Не о тех, конечно, придурках, кто что-то корчил из себя, нападая на девиц по подворотням и кусая их за шею, а потом гнул пальцы в тюремной камере. И не о тех бедолагах с редкой болезнью костного мозга, которые едят гематоген и пьют чужую кровь, чтобы возместить постоянную нехватку собственной. А о тех, других. О тех, которые «вурдалаки», vrolok, «Носферату», «не мёртвое», о сущностях из другого бытия, фактически умерших, но встающих из могил некоей неведомой силой.

Вечность, подумать только! Если только это правда.

Потому что правдой оказалось далеко не всё, что Роман смог найти на эту тему. Его собственных мизерных знаний уже хватало, чтобы уточнить сведения древних и более-менее современных авторов.

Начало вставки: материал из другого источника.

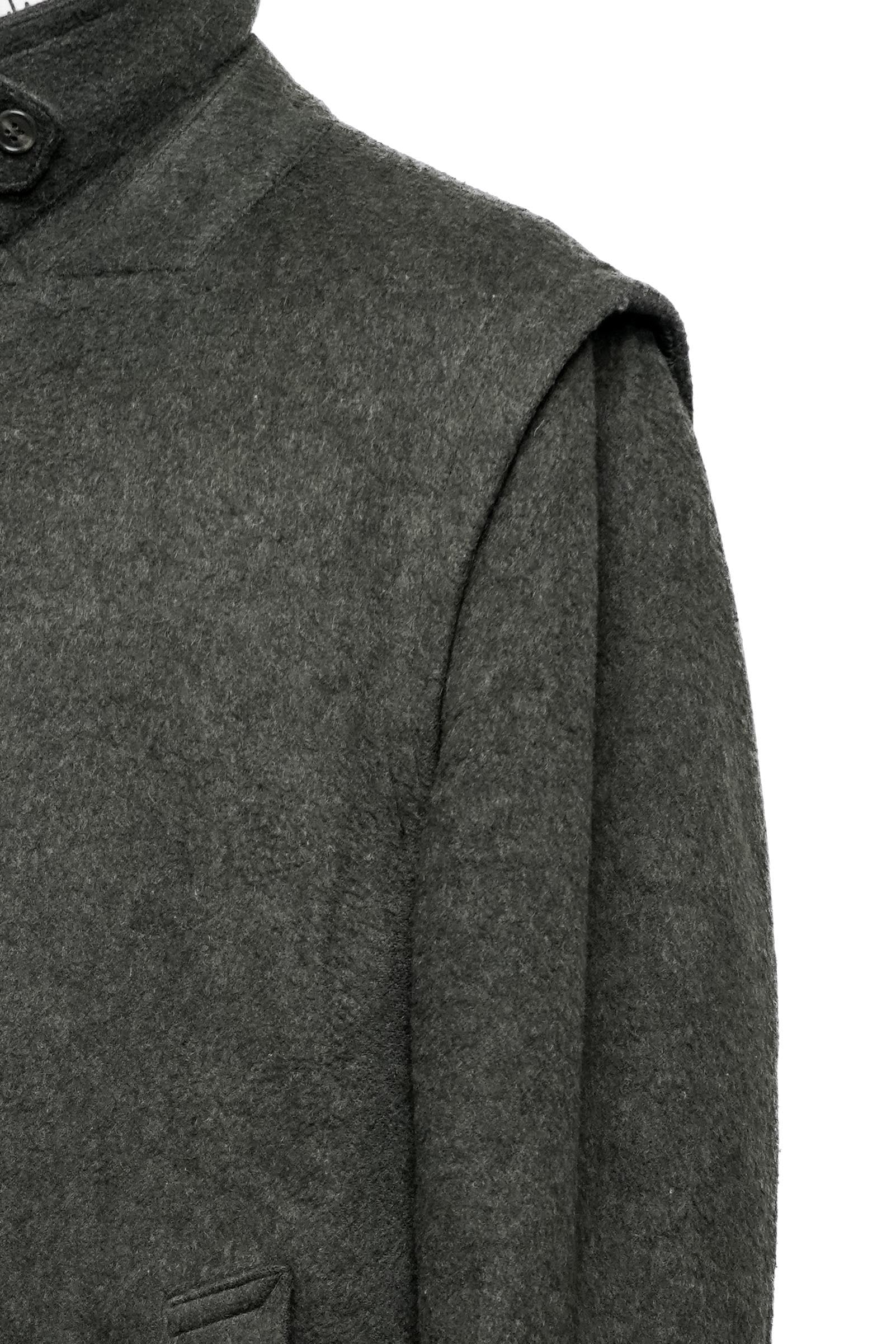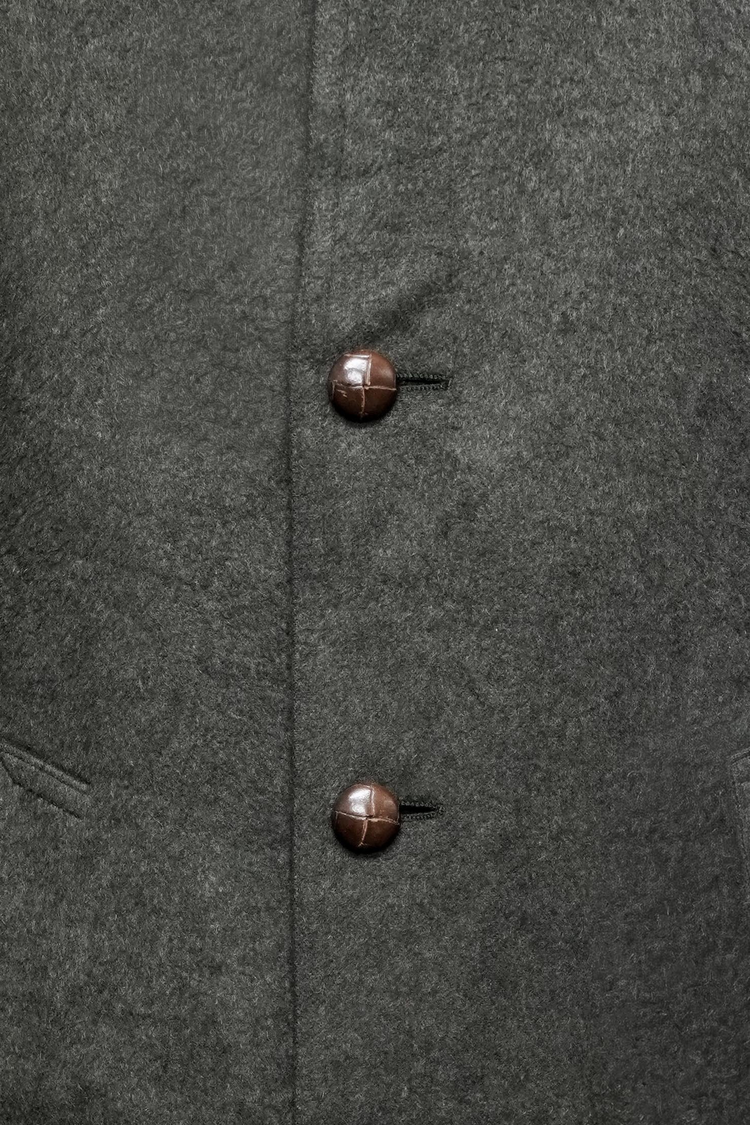 本品においても、ローデン特有の起毛感を伴うマットな表情が確認でき、生地全体のコンディションは均一です。カラーはオリーブグリーン系で、濃淡のばらつきが少なく、落ち着いたトーンを保っています。

Вампиры — трупы, оживлённые тёмной силой, вытеснившей, заменившей их собственную душу? Сомнительно. Слишком эмоционален был мой дружок с розой, слишком выразителен, слишком ярко выражена индивидуальность — ярче, чем у среднего сектанта. Слишком хорошо общался. Не напоминал тупого мертвяка, ходящего по чьему-то приказу. И не стал нападать, хотя и пугнул. Следовательно, вполне отдаёт отчёт собственным действиям, очевидно, чувствует и мыслит. Вдобавок, прекрасно контролирует собственные желания. Лучше многих людей. Или душа — это не смесь темперамента с индивидуальностью, а нечто другое? Тогда — что? Средневековье…

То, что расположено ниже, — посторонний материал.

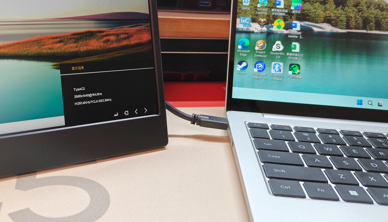 说到连接电脑,这块拥有2560×1440分辨率,最高支持165Hz刷新率的屏幕,当笔记本的扩展副屏体验非常出色。不管是处理多窗口的文档表格,还是看高帧率电影或者玩游戏,都能获得丝滑流畅、没有撕裂的视觉享受。工作间隙,把它当作副屏追两集剧,也是一种惬意的放松。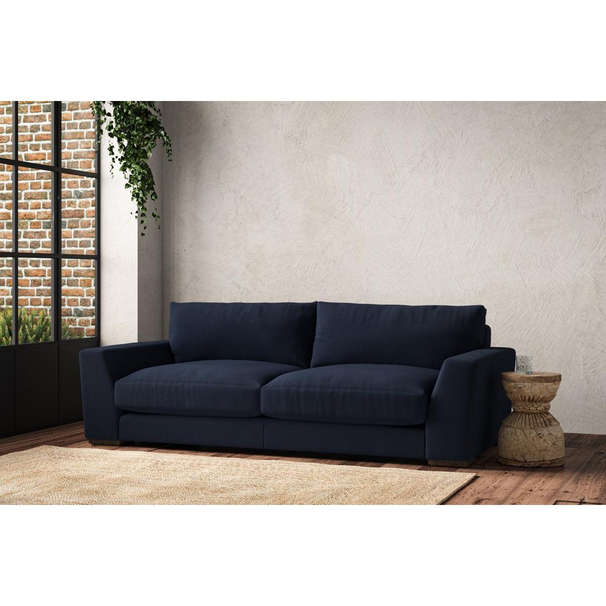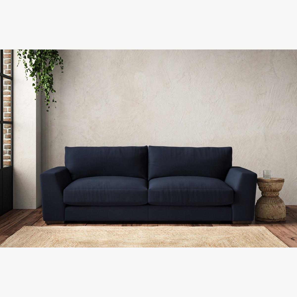 The laid-back sculptural shape of the Guddu large sofa brings effortless style to an interior. The generous arms and deep seat cushions make this collection the perfect choice for families or those that like a bit of extra space to stretch out. Details include separate back cushions, exceptional quality fabrics and solid wood block feet. Each piece is handcrafted by experts using traditional techniques for a quality finish that celebrates the best of British craftmanship. The hardwood frame and high-grade steel serpentine springs are selected for enduring quality, and the cushions are made from foam with a fibre wrap for added comfort. The fabric is hand cut to size, playing close attention to the characteristics of the material, and the sculpted hardwood feet provides the finishing detail. Our upholstery fabrics are sourced from Italy’s finest mills and are chosen for their style and quality. We have selected a beautiful heavyweight, soft washed linen with an outstanding texture. Our linen is perfectly suited to upholstery, with an appealing natural, and tactile feel. It is also heavy and durable. The linen is FR treated for domestic upholstery ensuring peace of mind as well as meeting specialist UK furniture requirements. Our curated colour palette offers a variety of 11 sophisticated muted shades. Please note, our white background cut-out photography is shown in Natural for shape and style reference. Fabric Swatch Ordering We recommend ordering fabric swatches before placing your order, giving you the chance to feel the fabric and see your colour choices within your own home. You can order up to 6 free fabric swatches by clicking here. Before placing your order, it's important to take the time to measure the space you intend to place your made-to-order furniture to ensure it fits properly. You can read more in our Sofa Buying Guide.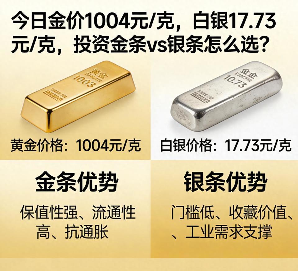 今天(3月30日),黄金价格站在1004元/克,白银17.73元/克。 如果你手头有1万块钱闲钱,是买金条还是买银条?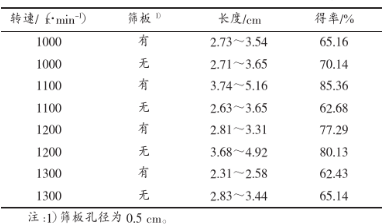 首先采用實驗室自行改裝的粉碎機對硅酸鋁纖維進行切斷。打漿條件及打漿后纖維長度和得率見表2。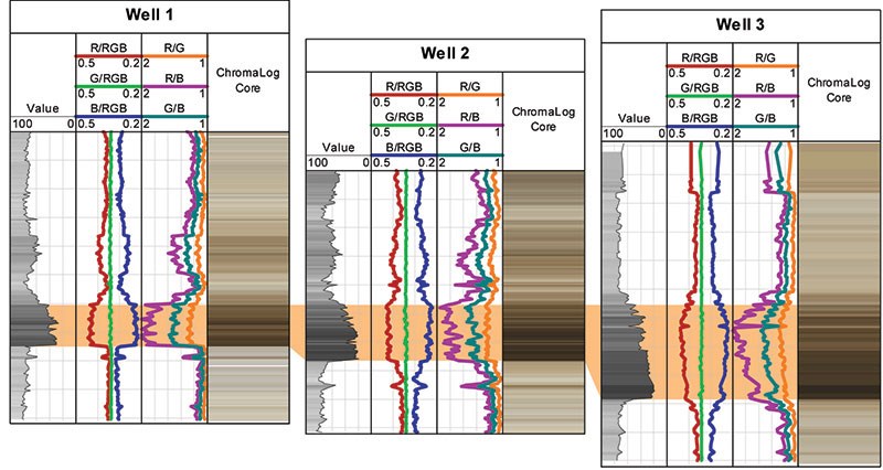 “A key element of ChromaStratigraphy is the graphic display of the reconstructed color from the measured samples, which produces a virtual core much like viewing a real core or outcrop,” he noted. “This enables immediate recognition of facies and formation changes, particularly in well documented settings.”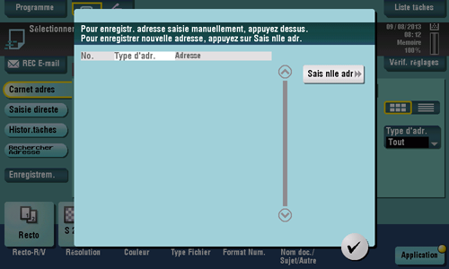 L'enregistrement d'une destination souvent utilisée sur cette machine vous évite d'avoir à la saisir à chaque fois que vous envoyez des données. Une destination enregistrée sur cette machine s'appelle un "Carnet d'adresses".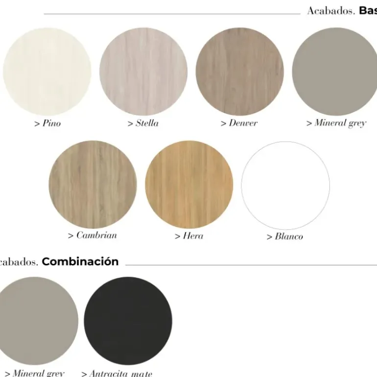 | Acabado | Blanco, Denver, Hera, Mineral Grey, Pino, Stella, Cambrian |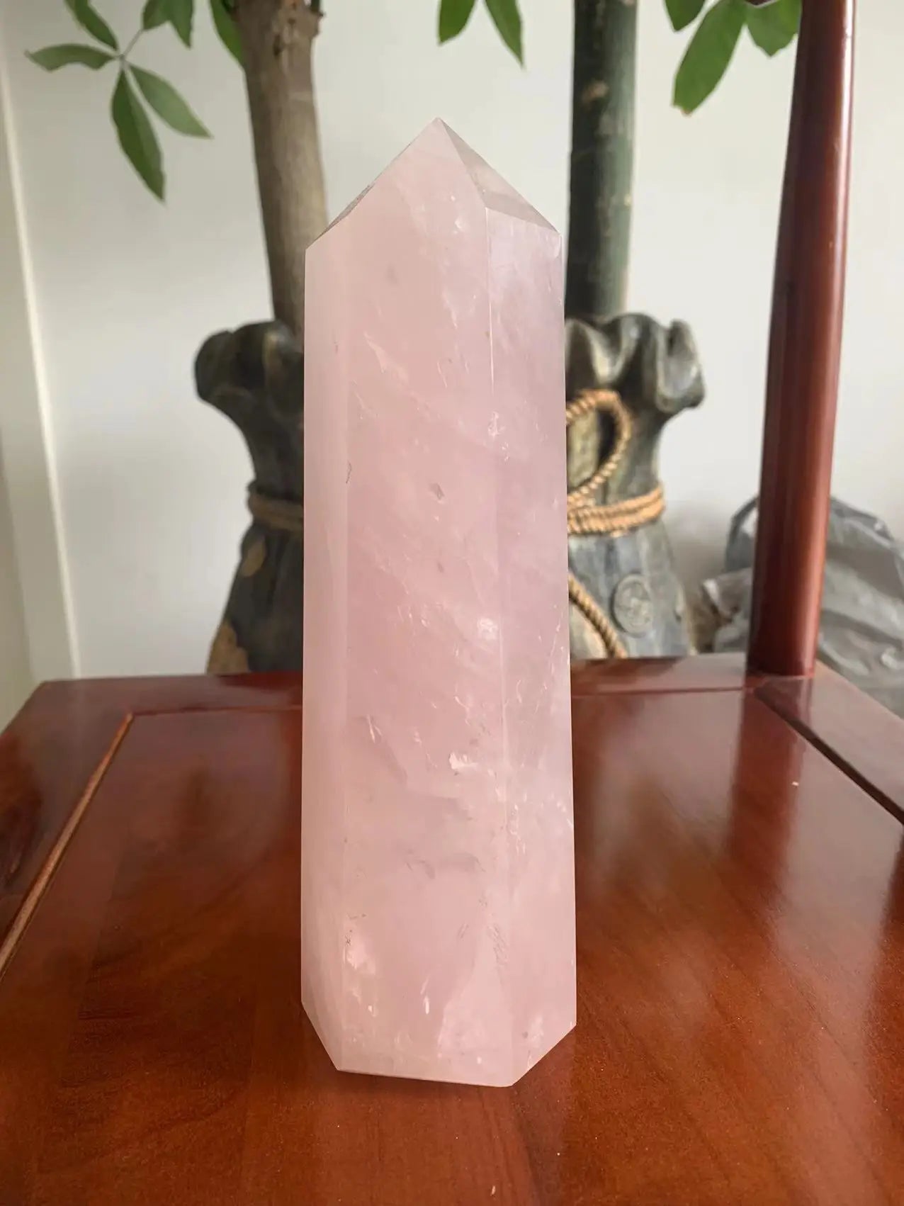 Natural Aura Rose Quartz Crystal Chakra Tower

Вампиров легко отличить от людей по мёртвенному цвету лица и увядшей коже. Их глаза отсвечивают красным, в верхней челюсти, иногда в нижней тоже — пара длинных клыков. Они не отбрасывают тени и не отражаются в зеркале. У голодных вампиров — бледные губы, у сытых — ярко-красные. Допустим, мой был голоден. Но только кожа у него — мечта фотомодели, без малейшего намёка на увядание, хотя и белая, как бумага. А вот клыки мелькнули, насчёт глаз — пожалуй, тоже можно согласиться. Тени мой не отбрасывал. Насчёт отражения — не представилось случая проверить.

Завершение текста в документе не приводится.